Must See Movie: ‘Muscle Shoals’


The documentary, Muscle Shoals, tells the story of a tiny recording studio named FAME in an Alabama town of a thousand. FAME Studios was built on cinderblock in the middle of a cotton field. It was 1959 when racial tensions still roared and a white man named Rick Hall began recording black and white musicians together. They created what became the “Muscle Shoals Sound.”

The film is directed by Greg “Freddy” Camalier and features interviews with music greats like Mick Jagger, Keith Richards, Percy Sledge, Gregg Allman, Jimmy Cliff, Clarence Carter, Etta James, Alicia Keys, and Bono. Camalier also got ahold of fascinating segments with Jerry Wexler, the famed music producer.

This week Rick Hall sat down with TheBlot Magazine to tell stories.

Read more: U.S. Government Worker Trapped in a Chinese Spy ‘Love Affair’

When did FAME Studios begin to take off?

Rick Hall: It was the early 60s and Jerry Wexler was the biggest record company guru in the world.
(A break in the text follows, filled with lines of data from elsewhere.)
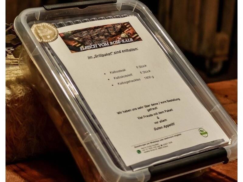 Die Fleischpakete, denen wir Nährwertangaben, Zubereitungstipps und Rezepte beifügen, sind für Sie vakuumiert, etikettiert und in wiederverwendbaren Kunststoffboxen auf unserem Hof abholbereit.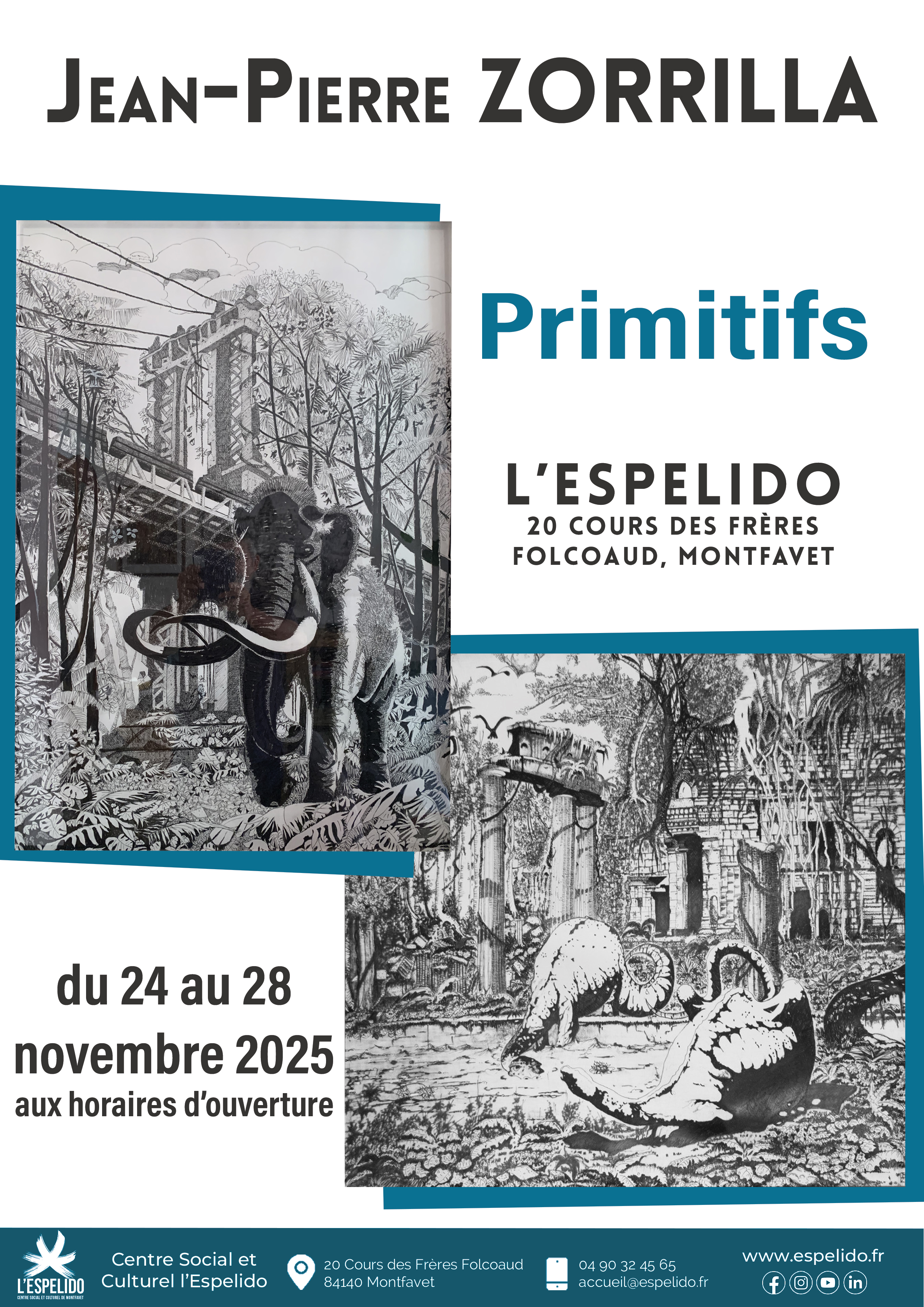 L’Espelido a le plaisir de vous inviter au vernissage de l’exposition “Primitifs” de Jean-Pierre Zorrilla, le mardi 25 novembre à 17h30 au siège, 20 cours des Frères Folcoaud à Montfavet.
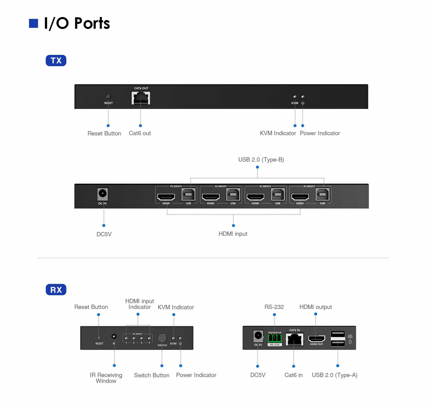 KVM prepínač umožňuje pripojiť až 4 servery alebo PC a ovládať ich na vzdialenosť až 70m pomocou HDMI monitora a USB klávesnice a myši.

I’d looked up to him all my life. He was the man I wanted to be. Anyhow, Jerry said if I ever had a hit to call him. So I called to play him our first recording of Percy Sledge singing “When a Man Loves a Woman.” Jerry said he didn’t think it was a hit. I told him I’d bet my life that this was going to be number one. Not number two, not number three, but number one worldwide. My stock went sky high with Wexler after that single went number one worldwide. Jerry called and said, “Can I bring Wilson Pickett down and make some records?”

How were things with Wilson Pickett?

I met Wilson Pickett when I picked him up at the airport. On the way to FAME Studios I looked at him and he looked at me and I could see in his eyes he was thinking, ‘Now what am I doing down here with this cracker in Alabama.’ He looked dangerous. I soon found out Pickett had a temper. On a session, if he didn’t like what was going on he would just stop and say “C’mon outside,” and he’d go whoop the drummer.

So things didn’t work out?

No, the opposite. Wilson and I became soul brothers. Everything was roses with Jerry and I became Jerry’s right hand man. We recorded hit after hit with Wilson, like “Mustang Sally” and “Land of 1000 Dances,” too many to name. Then we recorded Aretha Franklin’s first number one hit, “I Never Loved a Man (The Way I Love You) with “Do Right Man” on the flip side.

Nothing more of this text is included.